Эта идея выводилась из, казалось бы, давно изжитого в просвещенном сознании примитивного евроцентристского мифа, согласно которому Запад через свои институты и образ жизни выражает некий универсальный закон развития в его наиболее чистом виде. Американские эксперты, работавшие в Москве, пишут: «Анализ экономической ситуации и разработка экономической стратегии для России на переходный период происходили под влиянием англо-американского представления о развитии. Вера в самоорганизующую способность рынка отчасти наивна, но она несет определенную идеологическую нагрузку — это политическая тактика, которая игнорирует и обходит стороной экономическую логику и экономическую историю России».[7] Один из этих экспертов, М. Интрилигейтор [Michael D. Intriligator], предупреждает: «Запад должен осознать свою подлинную роль в провале „шоковой терапии“».

Никаких шансов на успех такая реформа не имела. Народное хозяйство любой страны — это большая система, которая складывается исторически и не может быть переделана исходя из доктринальных соображений. Выбор за образец для построения нового общества России именно Соединенных Штатов Америки — страны, созданной на совершенно иной, нежели в России, культурной матрице — не находит никаких рациональных объяснений. Трудно сказать, какие беды нам пришлось бы еще испытать, если бы у реформаторов действительно хватило сил загнать нас в этот коридор.

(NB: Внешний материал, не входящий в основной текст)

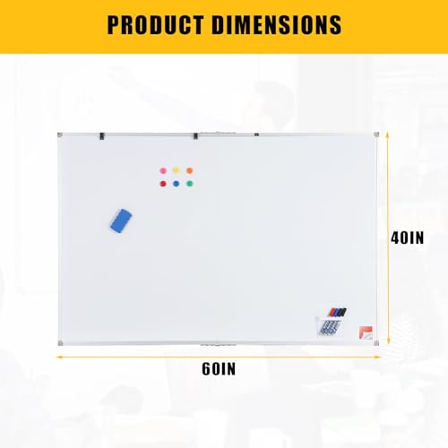 - [Durable Aluminum Frame Construction] Built with a strong aluminum frame and reinforced ABS corners, this magnetic whiteboard resists warping and bending. Protective packaging ensures it arrives in perfect condition, ready for long-term use, [Extra-Large Writing Surface] The spacious 60 x 40 inch dry erase surface provides ample room for brainstorming, lesson planning, scheduling, and presentations. The smooth, non-ghosting coating wipes clean easily for repeated use, [Magnetic Multi-Function Surface] The magnetic board securely holds notes, documents, photos, and calendars with standard magnets. Ideal for meetings, teaching, home organization, and collaborative work environments, [Easy & Secure Wall Mounting] Includes complete mounting hardware and sturdy hanging hooks for quick installation. Can be mounted vertically or horizontally to fit your space while ensuring stable, wobble-free performance, [Professional & Versatile Use] Perfect for offices, classrooms, conference rooms, and home workspaces. Combines functionality, durability, and clean design to enhance productivity and organization

Сама доктрина превращения советского хозяйства в рыночную экономику западного типа была утопией у одних и блефом у других. Начиная с конца XIX века российские экономисты и управленцы все ближе подходили к выводу, что такая экономика в России невозможна уже в силу климатических условий и огромных расстояний — слишком велики издержки на жизнеобеспечение и транспорт, слишком мал прибавочный продукт и капиталистическая рента.

Английский либеральный философ Дж. Грей [John Grey] пишет то, что знали и основоположники современной русской культуры, и подавляющее большинство граждан СССР: «Значение американского примера для обществ, имеющих более глубокие исторические и культурные корни, фактически сводится к предупреждению о том, чего им следует опасаться; это не идеал, к которому они должны стремиться. Ибо принятие американской модели экономической политики непременно повлечет для них куда более тяжелые культурные потери при весьма небольших, чисто теоретических или абсолютно иллюзорных экономических достижениях».[8]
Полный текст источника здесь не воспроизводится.